▶ **What needs to be done**:
Without including the pictures, copy each line below exactly as it reads.

▶ **Dataset extract**:
◇ ◇ ◇ ◇ ◇ ◇ ◇
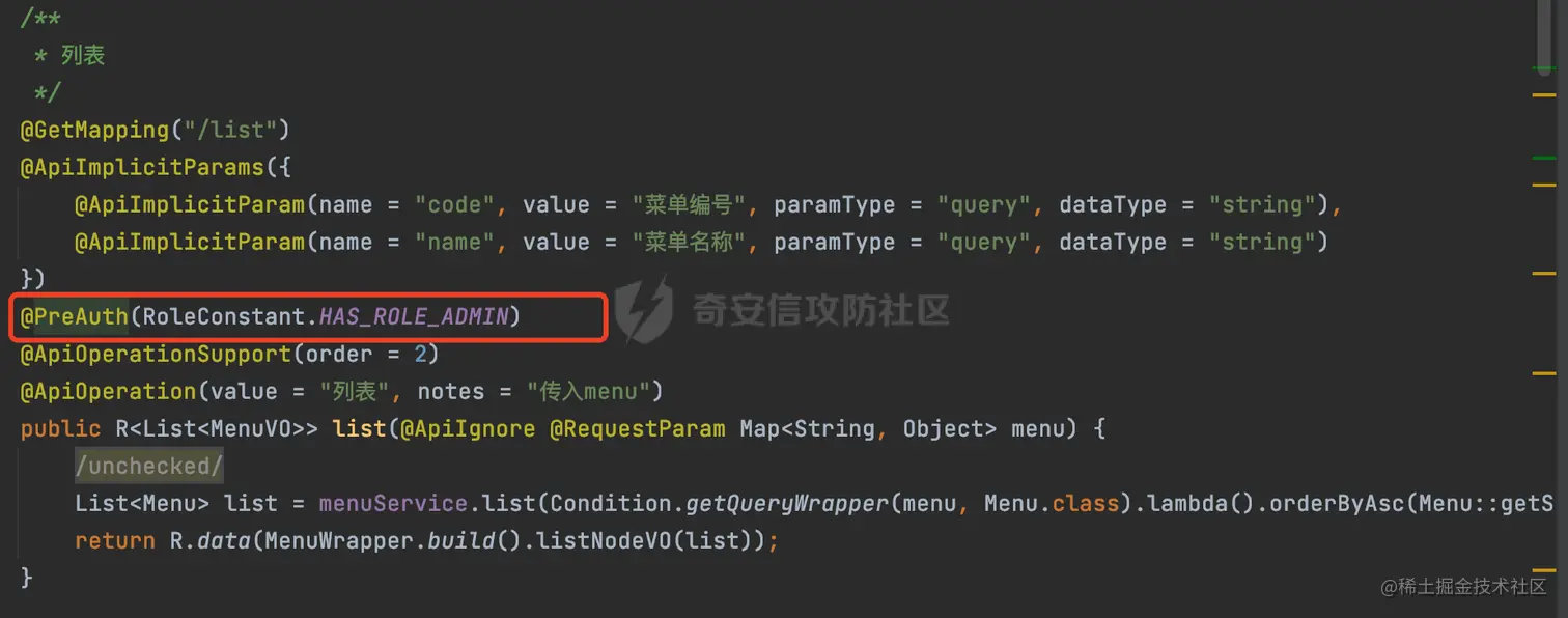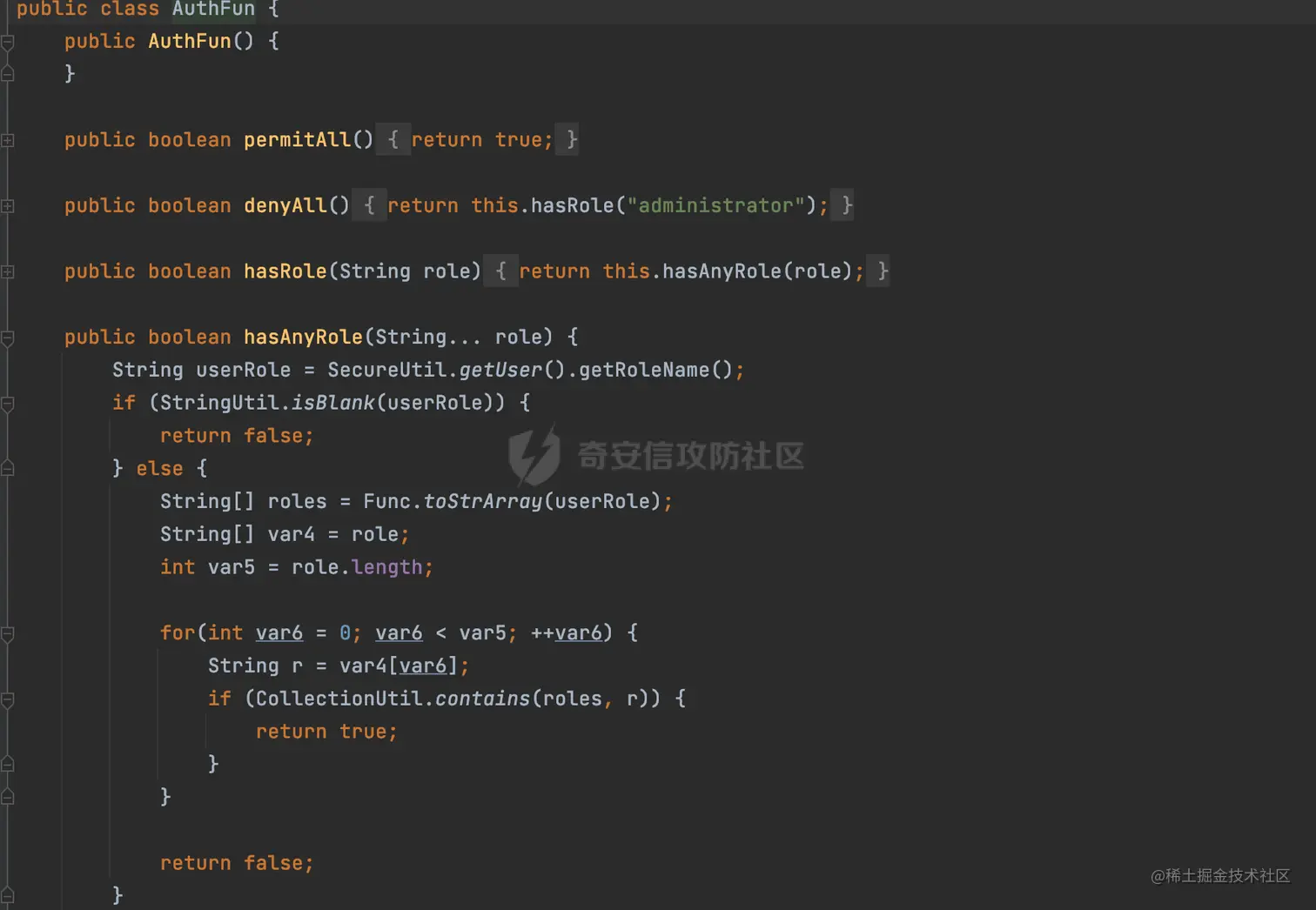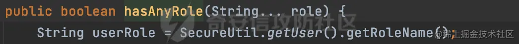 调用了hasRole函数进行鉴权,找一下hasRole实现方式:(实现代码在:org/springblade/blade-core-secure/3.0.2/blade-core-secure-3.0.2.jar!/org/springblade/core/secure/auth/AuthFun.class)
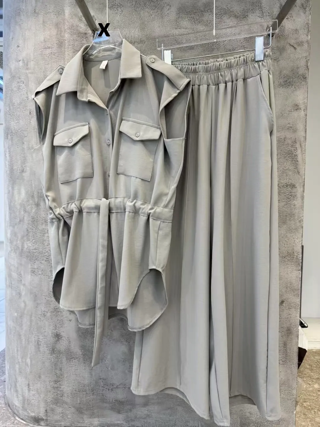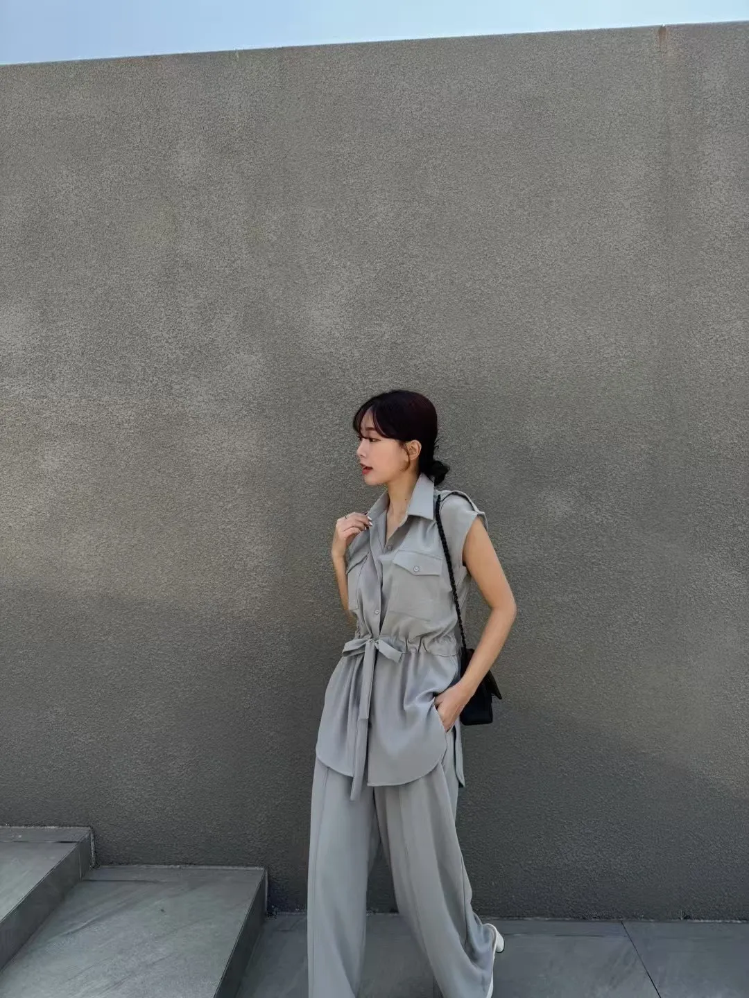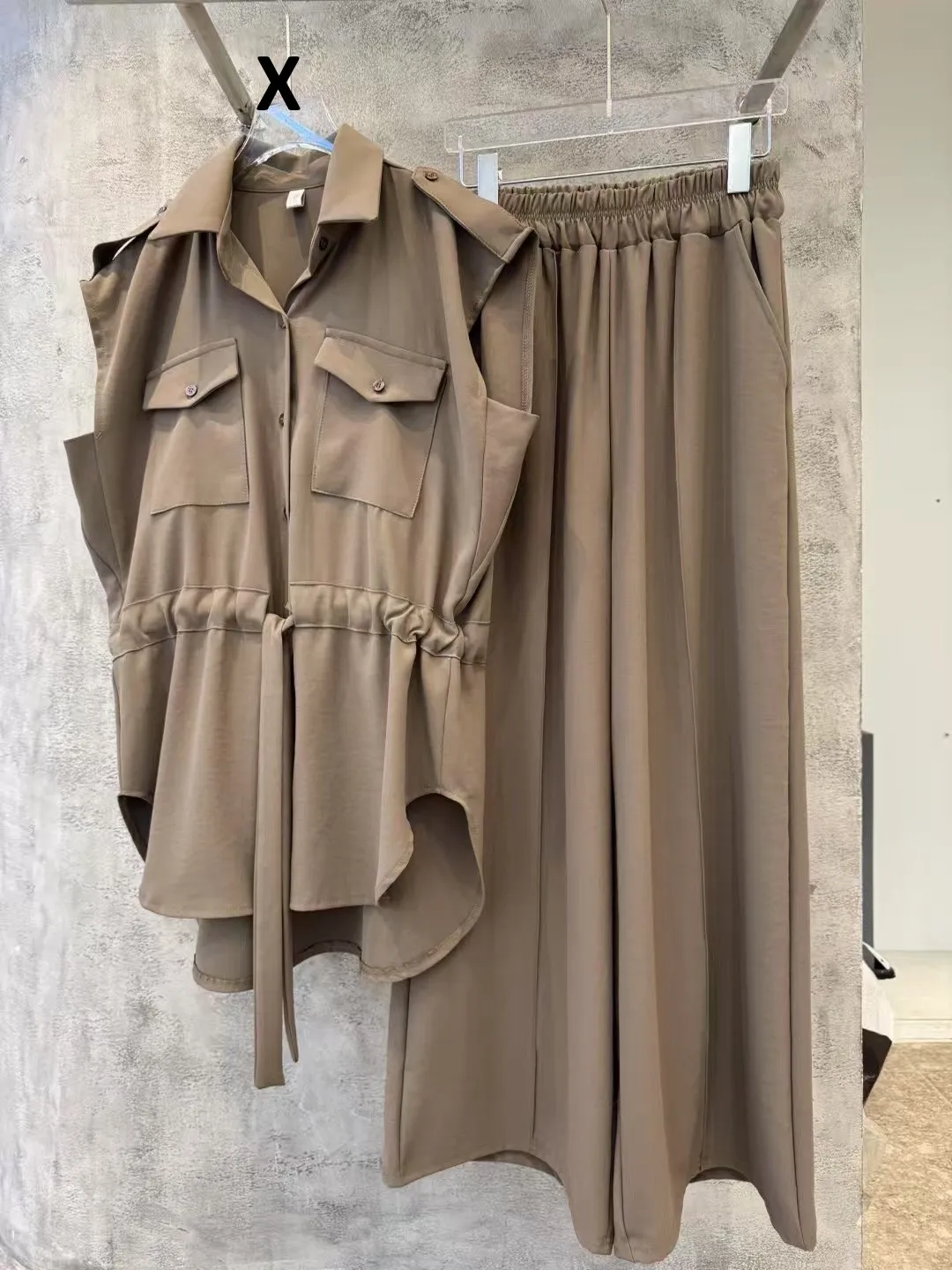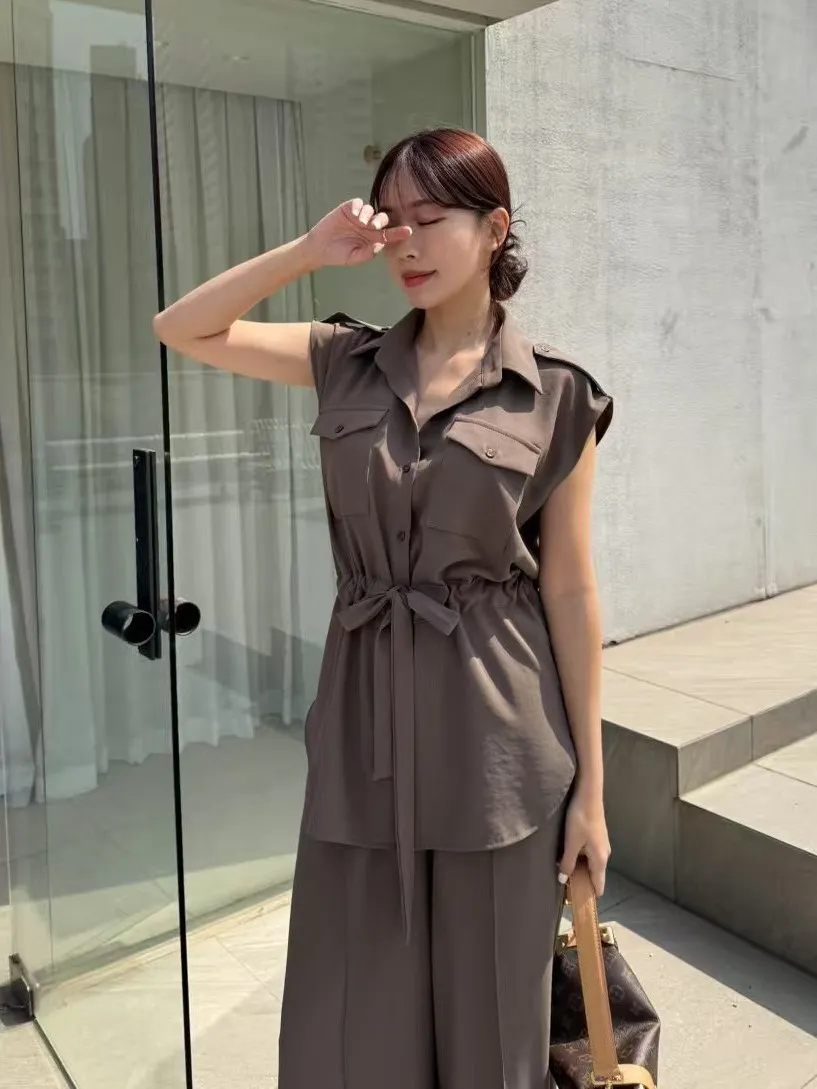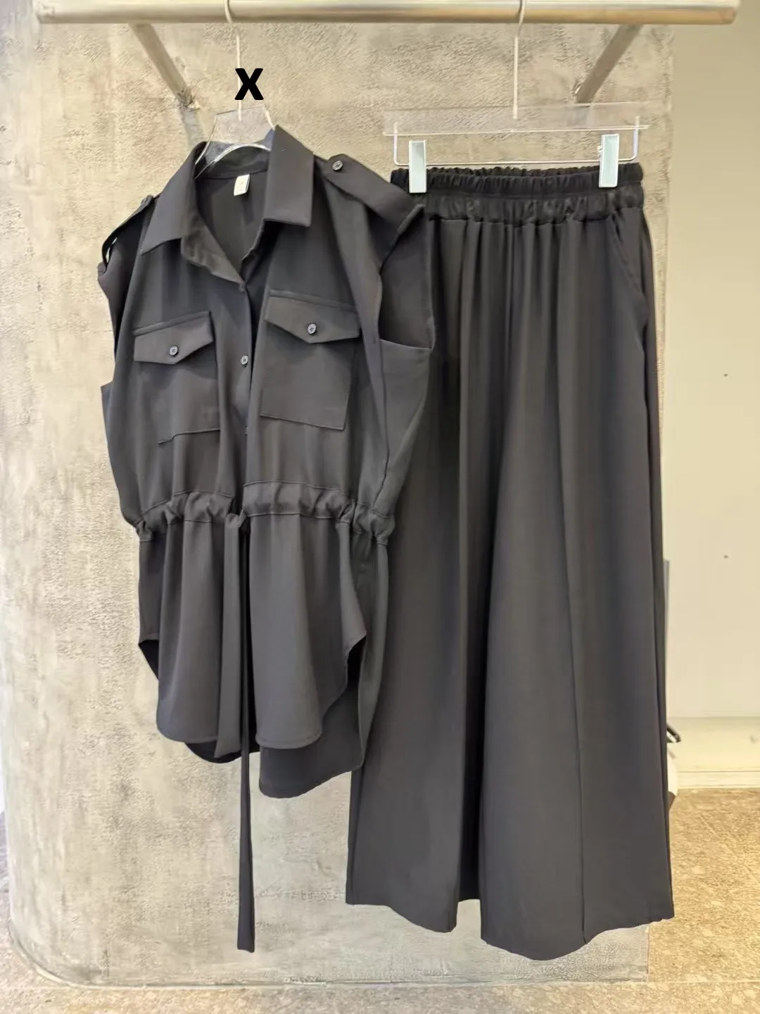 聚酯+彈力 自然垂墜美感 不易皺 全腰鬆緊 褲管單摺線 有口袋
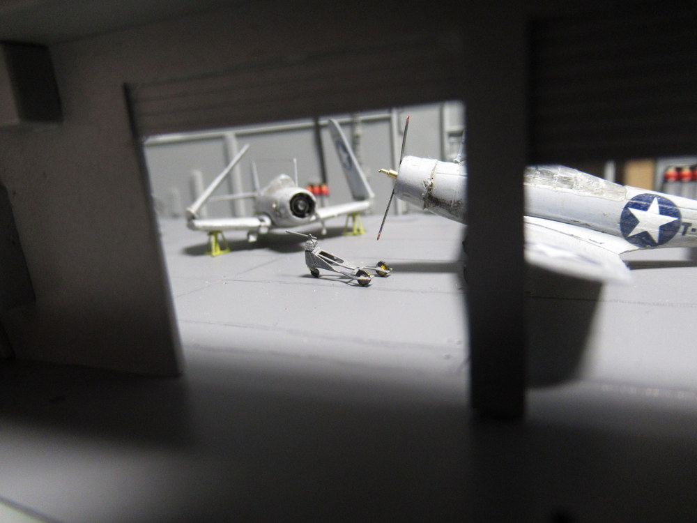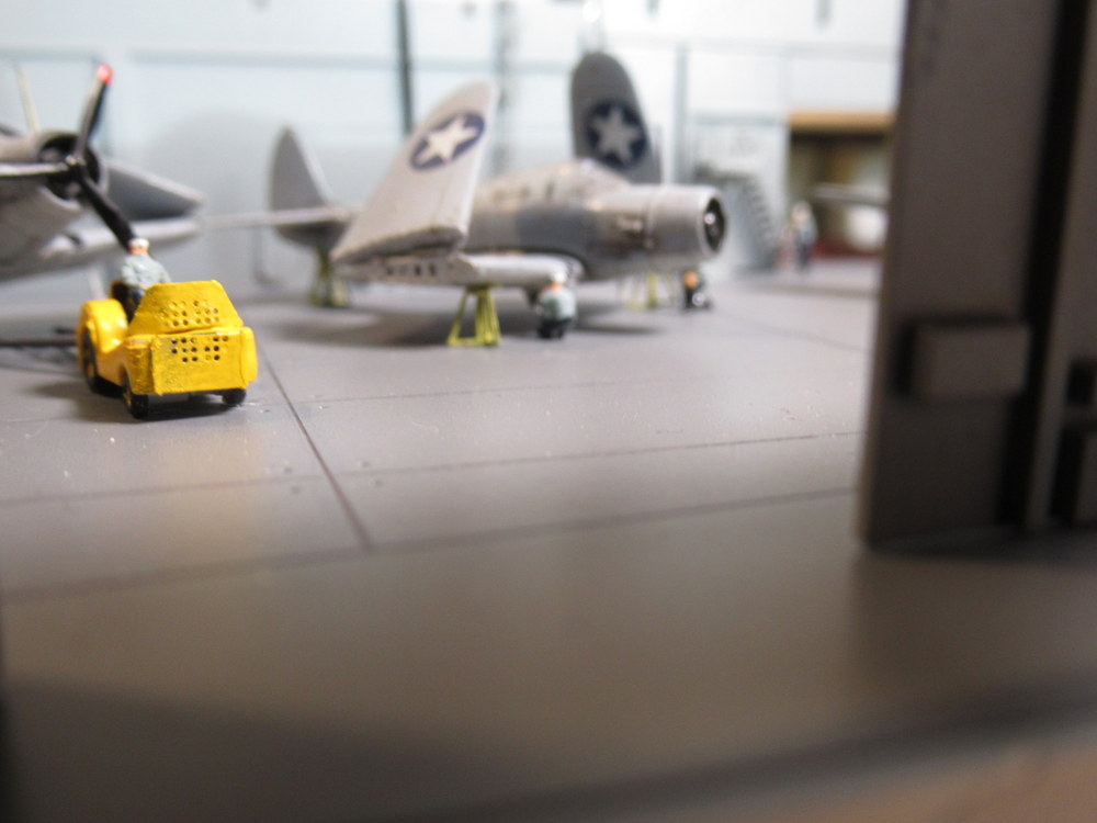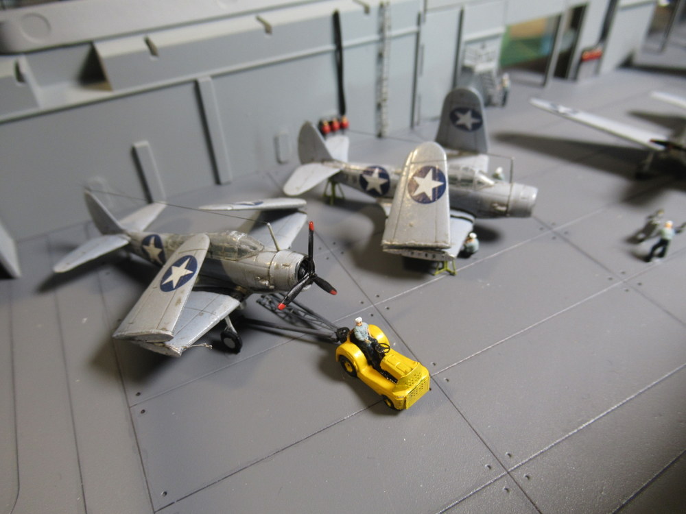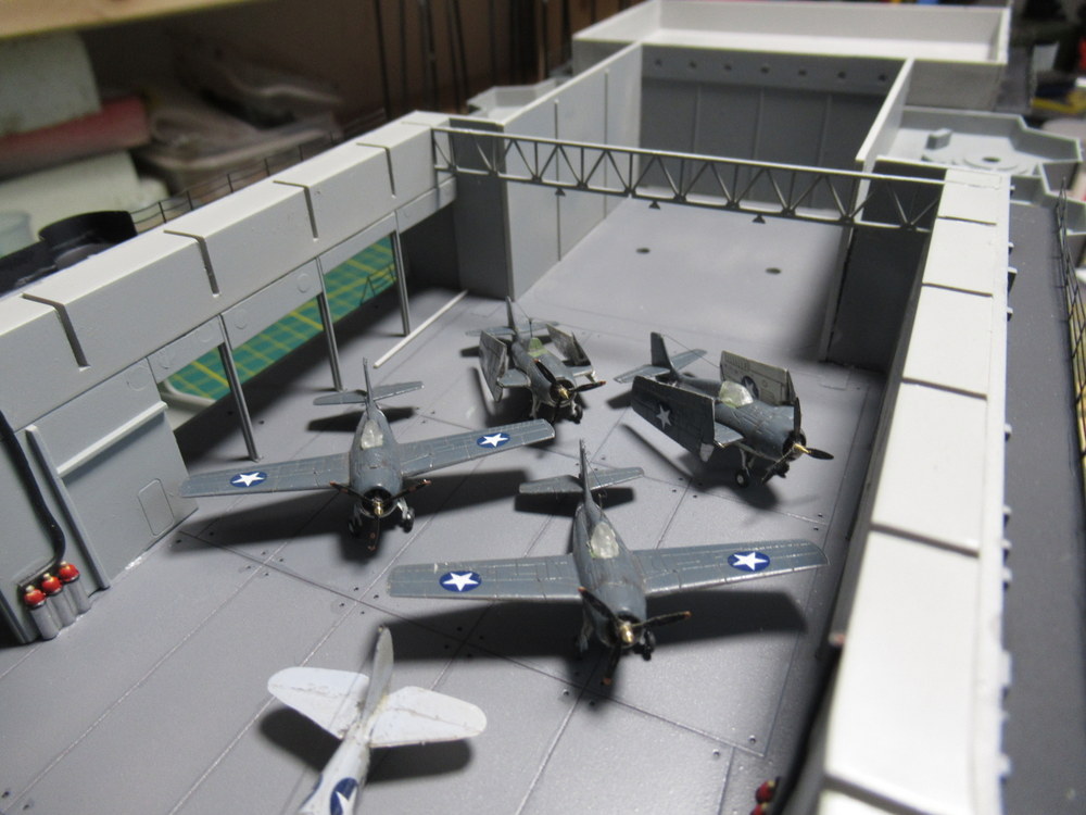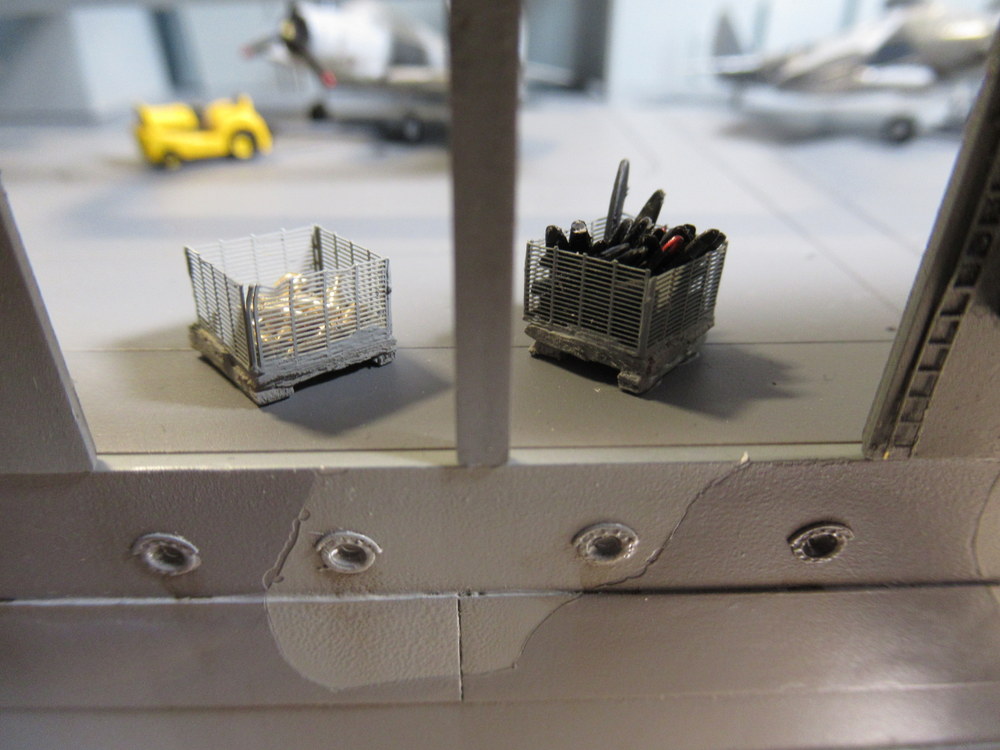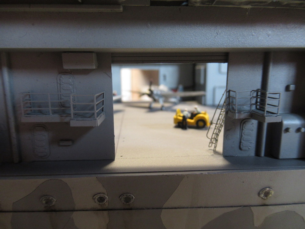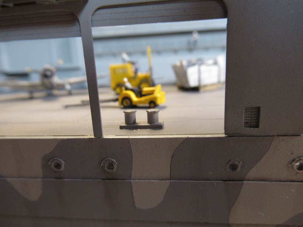 Bei meinem Modell werde ich das aber nicht mehr umsetzen...weil.... Sobald das Deck drauf ist kann man nur noch durch die offenen Rolltore blicken . Die meisten Tore sind aber von aussen auch verstellt mit Booten etc. Somit kann man kaum hinein sehen . Was man dann sieht sind die Flieger etc. Nur durch die Beleuchtung des Decks wird man hier und da einzelheiten erkennen können. Aber auch Abnutzung wird man so nicht sehen können . Daher schenke ich mir das .
◇ ◇ ◇ ◇ ◇ ◇ ◇
▶ **Answer space**:
 调用了hasRole函数进行鉴权,找一下hasRole实现方式:(实现代码在:org/springblade/blade-core-secure/3.0.2/blade-core-secure-3.0.2.jar!/org/springblade/core/secure/auth/AuthFun.class)
 聚酯+彈力 自然垂墜美感 不易皺 全腰鬆緊 褲管單摺線 有口袋
 Bei meinem Modell werde ich das aber nicht mehr umsetzen...weil.... Sobald das Deck drauf ist kann man nur noch durch die offenen Rolltore blicken . Die meisten Tore sind aber von aussen auch verstellt mit Booten etc. Somit kann man kaum hinein sehen . Was man dann sieht sind die Flieger etc. Nur durch die Beleuchtung des Decks wird man hier und da einzelheiten erkennen können. Aber auch Abnutzung wird man so nicht sehen können . Daher schenke ich mir das .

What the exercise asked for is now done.